### Provided information ###

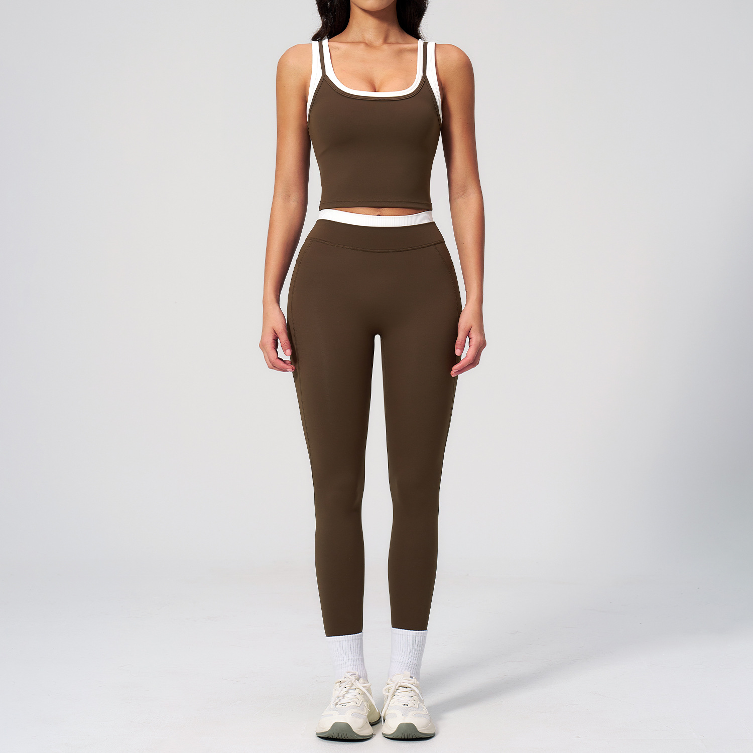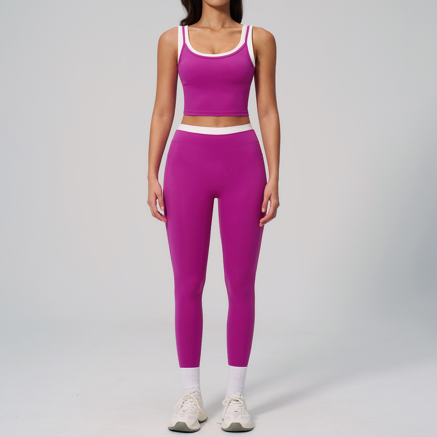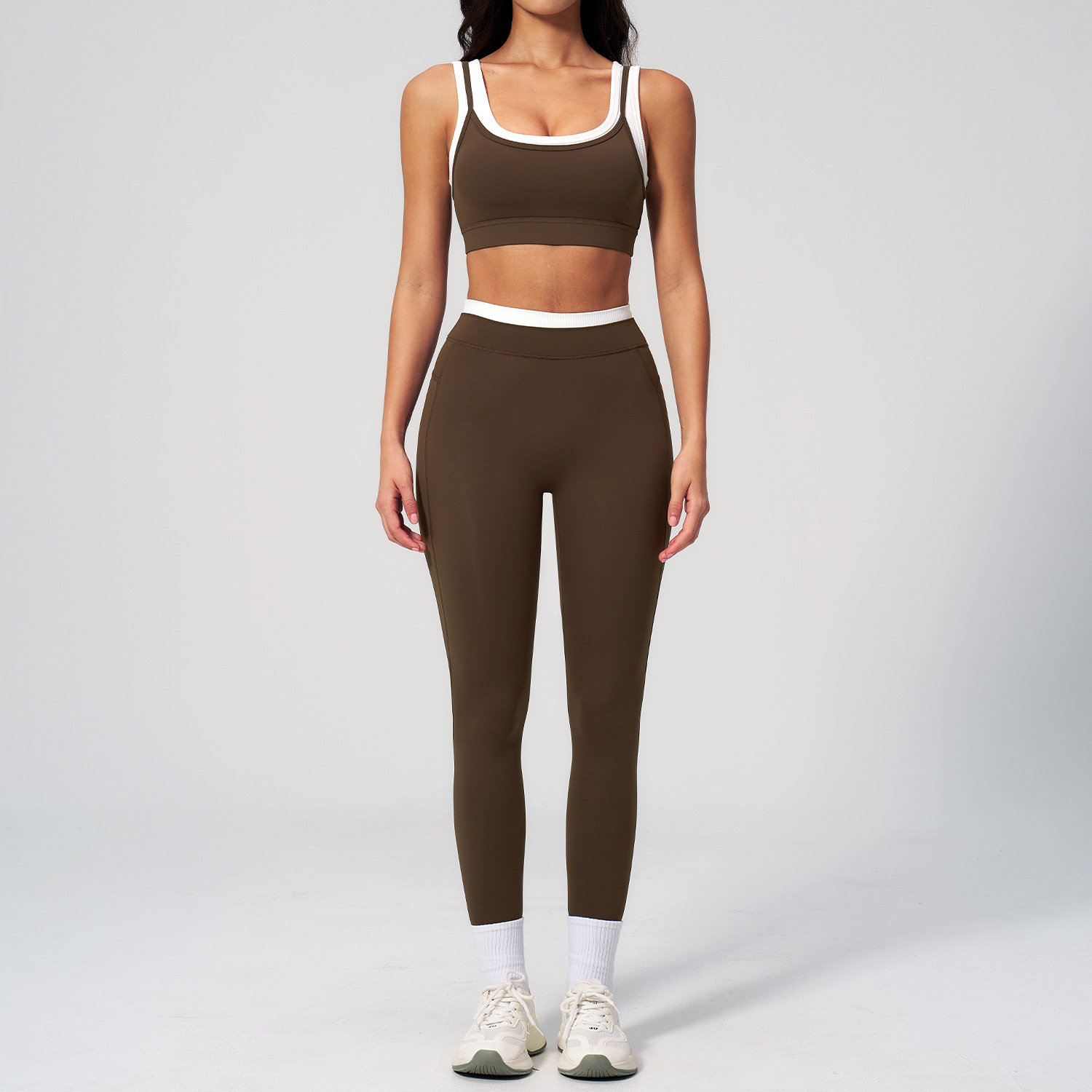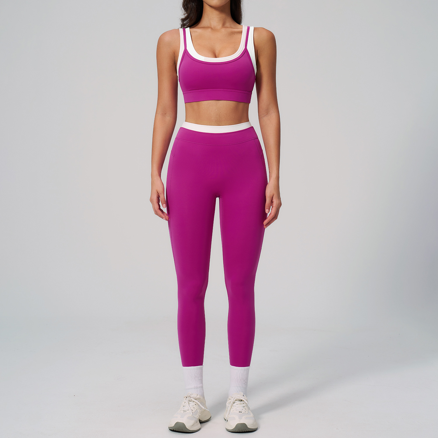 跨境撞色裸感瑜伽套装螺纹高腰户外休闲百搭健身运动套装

###
### Provided information ###

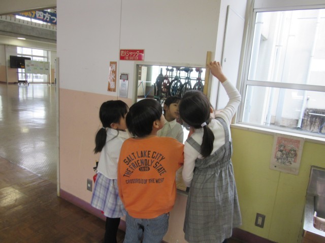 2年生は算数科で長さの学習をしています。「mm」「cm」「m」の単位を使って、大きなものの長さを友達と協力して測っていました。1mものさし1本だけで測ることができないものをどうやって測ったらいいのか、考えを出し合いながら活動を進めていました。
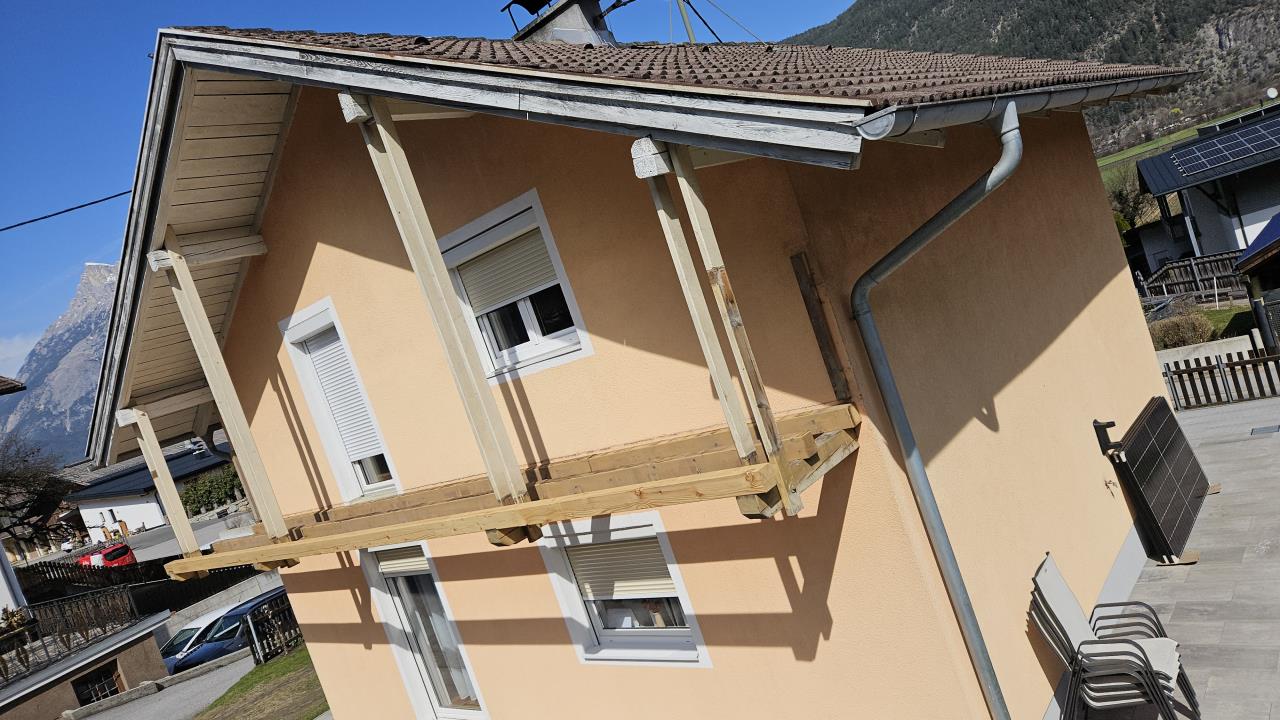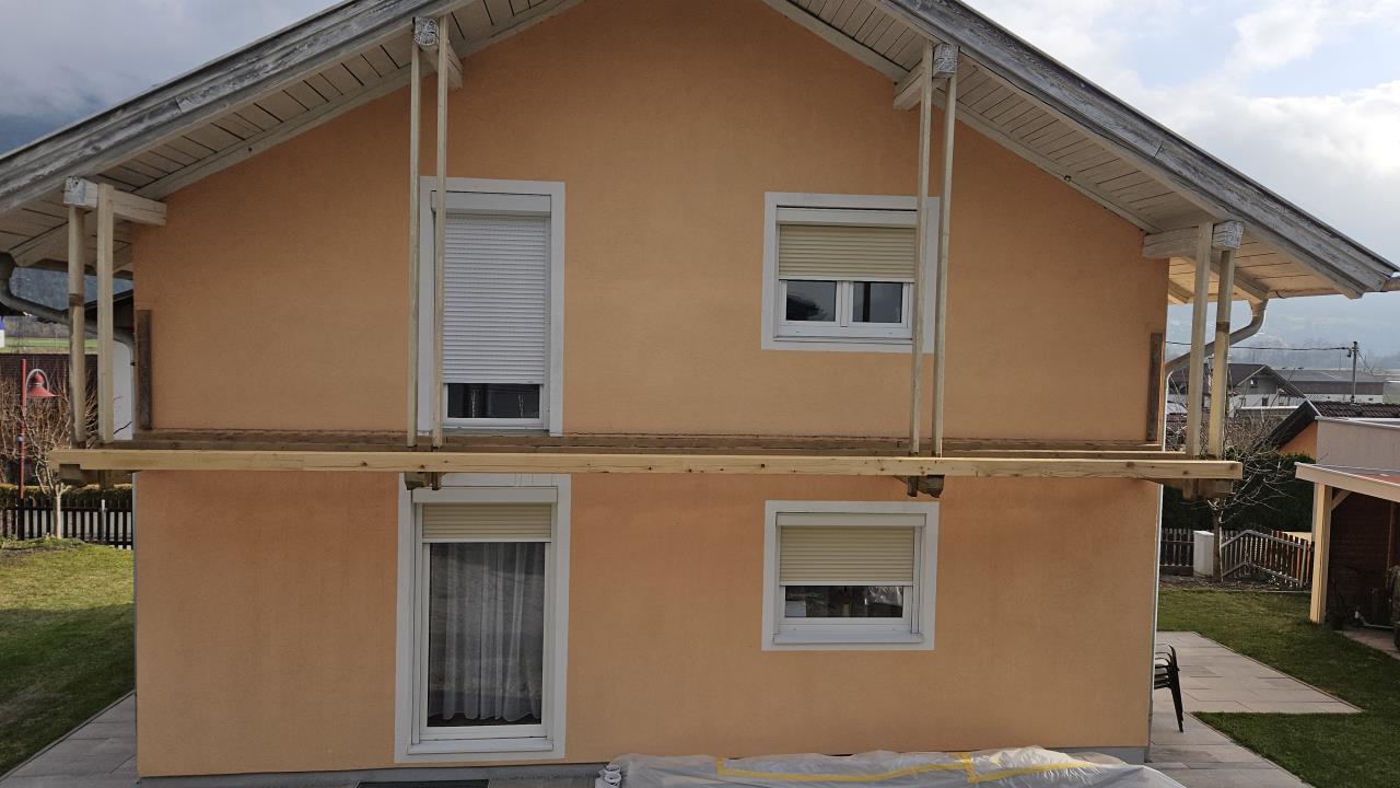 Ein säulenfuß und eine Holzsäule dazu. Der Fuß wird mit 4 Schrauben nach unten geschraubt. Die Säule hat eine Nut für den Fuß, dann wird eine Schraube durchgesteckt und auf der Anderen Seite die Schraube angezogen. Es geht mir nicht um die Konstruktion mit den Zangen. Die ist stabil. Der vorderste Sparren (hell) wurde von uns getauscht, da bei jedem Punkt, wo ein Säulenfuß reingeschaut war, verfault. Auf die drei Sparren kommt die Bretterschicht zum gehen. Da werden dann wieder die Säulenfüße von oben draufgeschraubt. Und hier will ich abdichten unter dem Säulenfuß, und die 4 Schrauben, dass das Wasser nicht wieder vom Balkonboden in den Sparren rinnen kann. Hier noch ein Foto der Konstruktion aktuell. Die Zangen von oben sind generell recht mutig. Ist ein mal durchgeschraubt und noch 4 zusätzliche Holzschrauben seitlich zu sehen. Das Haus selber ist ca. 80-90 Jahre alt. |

###
### Provided information ###

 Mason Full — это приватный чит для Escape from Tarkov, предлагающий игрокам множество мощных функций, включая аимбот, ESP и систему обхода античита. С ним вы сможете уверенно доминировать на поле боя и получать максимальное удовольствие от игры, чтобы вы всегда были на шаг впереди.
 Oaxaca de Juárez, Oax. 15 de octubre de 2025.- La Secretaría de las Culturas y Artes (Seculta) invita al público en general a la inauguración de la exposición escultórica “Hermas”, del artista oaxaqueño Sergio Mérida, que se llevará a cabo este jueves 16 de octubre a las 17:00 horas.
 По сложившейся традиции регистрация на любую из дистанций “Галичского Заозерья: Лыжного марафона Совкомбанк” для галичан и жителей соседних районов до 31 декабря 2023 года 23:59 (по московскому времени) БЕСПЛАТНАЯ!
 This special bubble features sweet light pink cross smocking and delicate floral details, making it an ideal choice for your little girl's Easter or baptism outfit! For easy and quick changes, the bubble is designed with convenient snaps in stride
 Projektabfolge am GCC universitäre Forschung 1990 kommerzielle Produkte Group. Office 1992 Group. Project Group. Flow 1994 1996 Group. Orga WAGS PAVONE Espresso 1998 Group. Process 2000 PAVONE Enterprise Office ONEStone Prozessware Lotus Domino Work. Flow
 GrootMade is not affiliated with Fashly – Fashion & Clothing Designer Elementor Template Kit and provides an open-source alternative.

###

→ **Brief**
Please reproduce the lines from the line with "Oaxaca de Juárez, Oax." to the line with "GrootMade is not", both ends included, exactly as they appear above.

→ **Answer below**
 Oaxaca de Juárez, Oax. 15 de octubre de 2025.- La Secretaría de las Culturas y Artes (Seculta) invita al público en general a la inauguración de la exposición escultórica “Hermas”, del artista oaxaqueño Sergio Mérida, que se llevará a cabo este jueves 16 de octubre a las 17:00 horas.
 По сложившейся традиции регистрация на любую из дистанций “Галичского Заозерья: Лыжного марафона Совкомбанк” для галичан и жителей соседних районов до 31 декабря 2023 года 23:59 (по московскому времени) БЕСПЛАТНАЯ!
 This special bubble features sweet light pink cross smocking and delicate floral details, making it an ideal choice for your little girl's Easter or baptism outfit! For easy and quick changes, the bubble is designed with convenient snaps in stride
 Projektabfolge am GCC universitäre Forschung 1990 kommerzielle Produkte Group. Office 1992 Group. Project Group. Flow 1994 1996 Group. Orga WAGS PAVONE Espresso 1998 Group. Process 2000 PAVONE Enterprise Office ONEStone Prozessware Lotus Domino Work. Flow
 GrootMade is not affiliated with Fashly – Fashion & Clothing Designer Elementor Template Kit and provides an open-source alternative.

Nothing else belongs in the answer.